The characters in "We're the Millers" are not like real people with real emotions - they merely exist to spout mildly-comic, pseudo-experienced life-coach dialogue. Unlike, say, the fake (also assumed to be incestuous) family in "The Joneses" (2009), one never feels any true affinity for any of the characters on display here since the actors have very little characterisation to work with from the feeble screenwriters.
This lack of psychological verisimilitude betrays a film-maker's dearth of genuine insight into the worsening predicament into which his characters place themselves; namely, their pretending to be something that they are not and never could be - a loving, natural & healthy nuclear-family. They are animated zombies in dead-end jobs going nowhere fast; albeit infesting a non-zombie movie.
There is also an odd, wish-fulfillment aspect to this serio-comic escapade which tries to suggest that entirely-incompatible people can learn to emotionally bond. But this violates the rule of human nature that "birds of a feather flock together". And all comedy has to be deeply-rooted in objective-reality otherwise there is no real basis for the humour. The idea that people form close relationships through shared adversity only ever really makes sense if the aftermath of the adversity is equally-positive for all concerned.
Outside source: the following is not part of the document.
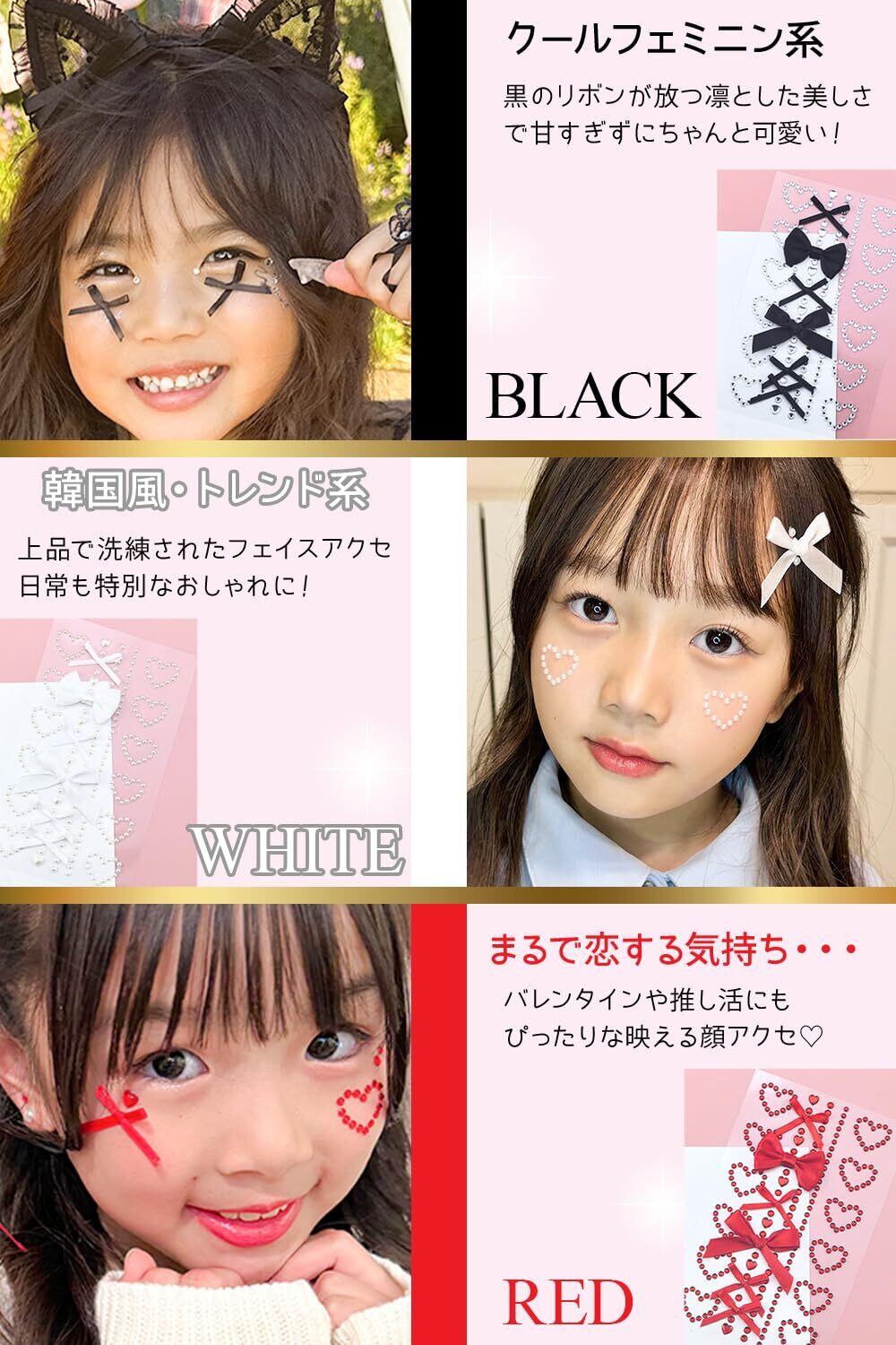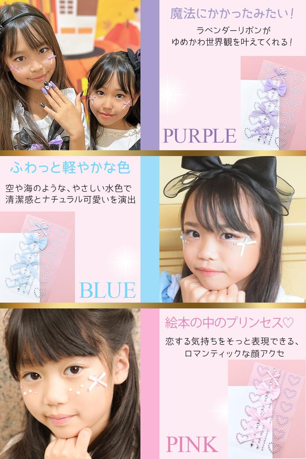 【色の特徴】「今日の気分はコレ!」と選べるのも魅力の一つ。【WHITE/韓国風トレンド】上品で洗練された顔アクセで日常も特別な紐おしゃれに【BLACK/クールフェミニン】黒のリボンが放つ凛とした美しさで甘すぎずにちゃんと可愛い【RED/まるで恋する気持ち】バレンタインや押し活にもピッタリな映える顔アクセ【PINK/絵本の中のプリンセス】恋する気持ちをそっと表現できるロマンティックな顔アクセ【BLUE/ふわっと軽やかな色】空や海のような、やさしい水色で清潔感とナチュラル可愛いを演出【PURPLE/魔法にかかったロマンス】ラベンダーリボンがゆめかわ世界観を叶えてくれる

And it isn't here.
The only good thing about this unconvincing fake-family saga is Jennifer Aniston - whom is as funny as anyone could be with the weak material she is given to play.
"We are the Miller's" has some good funny moments that shows an interesting flip of characters from different sides of life who find a pathway to liberation through a drug deal gone wrong. The other road trip family turns out to be the influence that they needed having seemed to be too different to comprehend. Some traditional comedy on a controversial subject.